Sempre più ammalorato l’ex bocciodromo di via Gadio, immobile che il Comune ha ceduto ad Aem diversi anni fa e su cui sono circolate le più svariate ipotesi di riutilizzo senza che nessuna si sia mai concretizzata. Residenze, nuova sede dell’archivio comunale, persino un parcheggio, considerati i volumi interni: ipotesi naufragate di fronte alla crisi del mercato immobiliare. Aem aveva già cercato di mettere in vendita il complesso, ma senza successo. “Che io ricordi – spiega il presidente Massimo Siboni – si era fatto avanti un solo soggetto interessato, ma non se ne è fatto nulla. Sicuramente penseremo ad un nuovo bando, fermo restando che il valore di cespite non può essere modificato”. Nell’ultimo bilancio di esercizio 2017 l’ex bocciodromo è valorizzato a 482mila euro, cifra non impossibile e che già tiene conto del degrado strutturale, nonostante l’intervento di rimozione amianto già effettuato dalla proprietà negli anni passati. Fatto sta che nell’attesa di un compratore, l’immobile perde pezzi di intonaco, le crepe sulla facciata si allargano e spesso i residenti lo vedono transennato.

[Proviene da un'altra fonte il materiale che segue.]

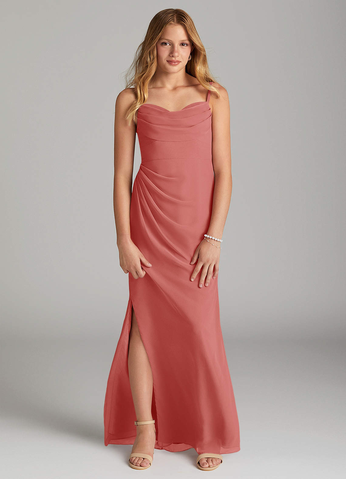 쉬스 주름진 쉬폰 플로어 길이 주니어 신부 들러리 드레스
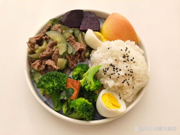 食材:牛肉、黃瓜、西蘭花、雞蛋、紫薯、蘋果、米飯
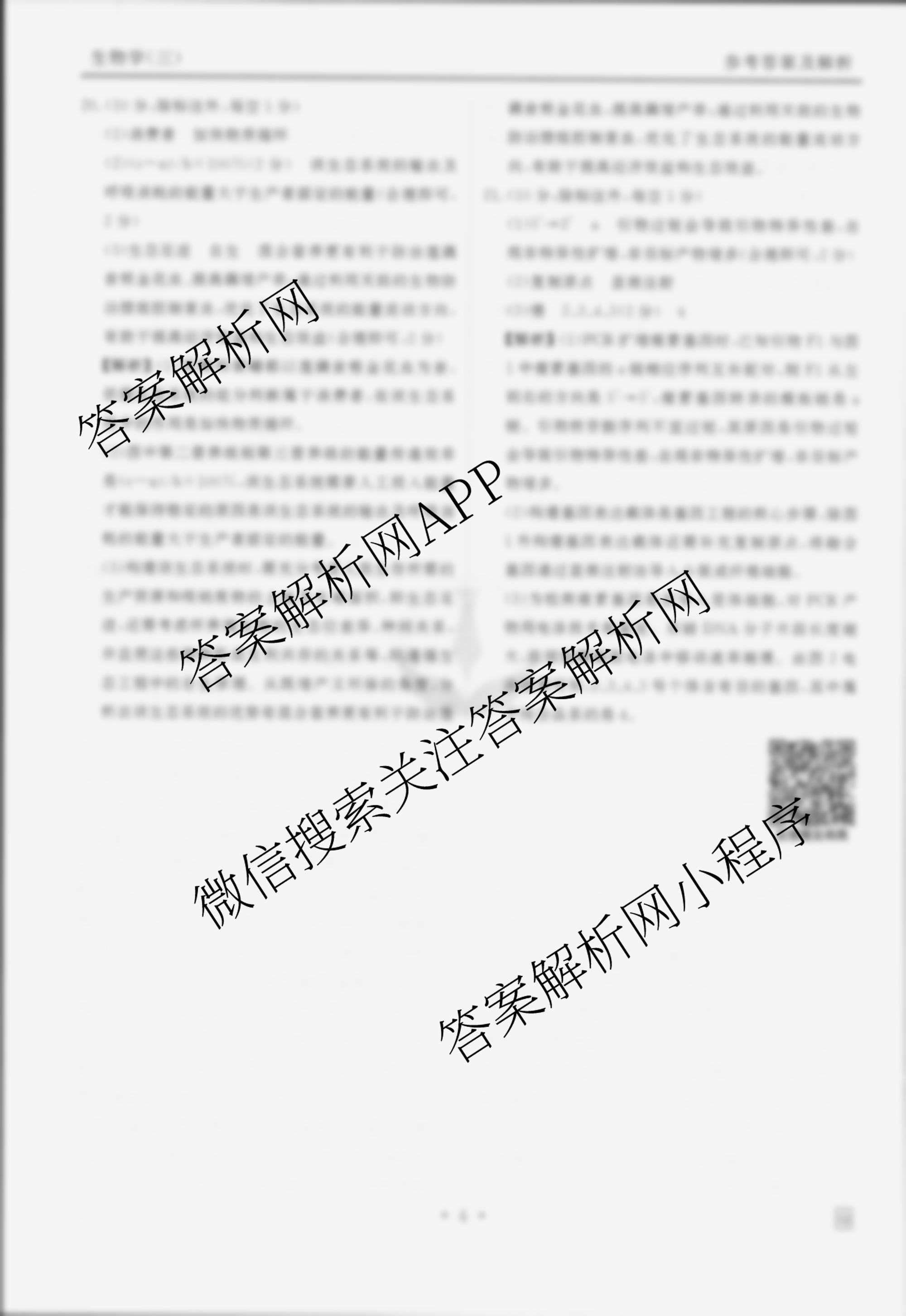 - [衡水金卷先享题]调研卷 2025年普通高中学业水平选择性考试模拟试题 生物(S)(三)3答案
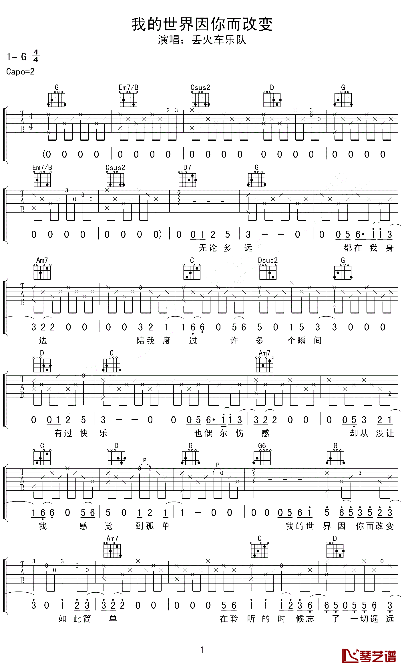 《丢火车《我的世界因你而改变吉他谱》》内容来自于互联网,不能保证内容的准确性与完整性,仅供学习交流欣赏,请勿用于其它用途,内容版权归原作者及来源网站所有,如有侵犯到您的权益请来信告知,我们将及时删除。

“Vista la collocazione, – continua Siboni – le possibilità di utilizzo sono molteplici. Il parcheggio ad esempio era un’ipotesi considerata, ma c’è il problema dell’accesso, la via è effettivamente molto stretta”. Proprio in queste settimane è partito a poca distanza il cantiere della fondazione Stauffer che trasformerà palazzo Stradiotti in sede per i corsi di perfezionamento musicale dell’Accademia e in  foresteria per studenti. Nessun interesse, a quanto pare, c’era stato da parte della stessa fondazione per un recupero anche del vicino stabile di via Gadio, in una strada che negli ultimi anni ha visto la sistemazione di parecchie facciate private in pessime condizioni.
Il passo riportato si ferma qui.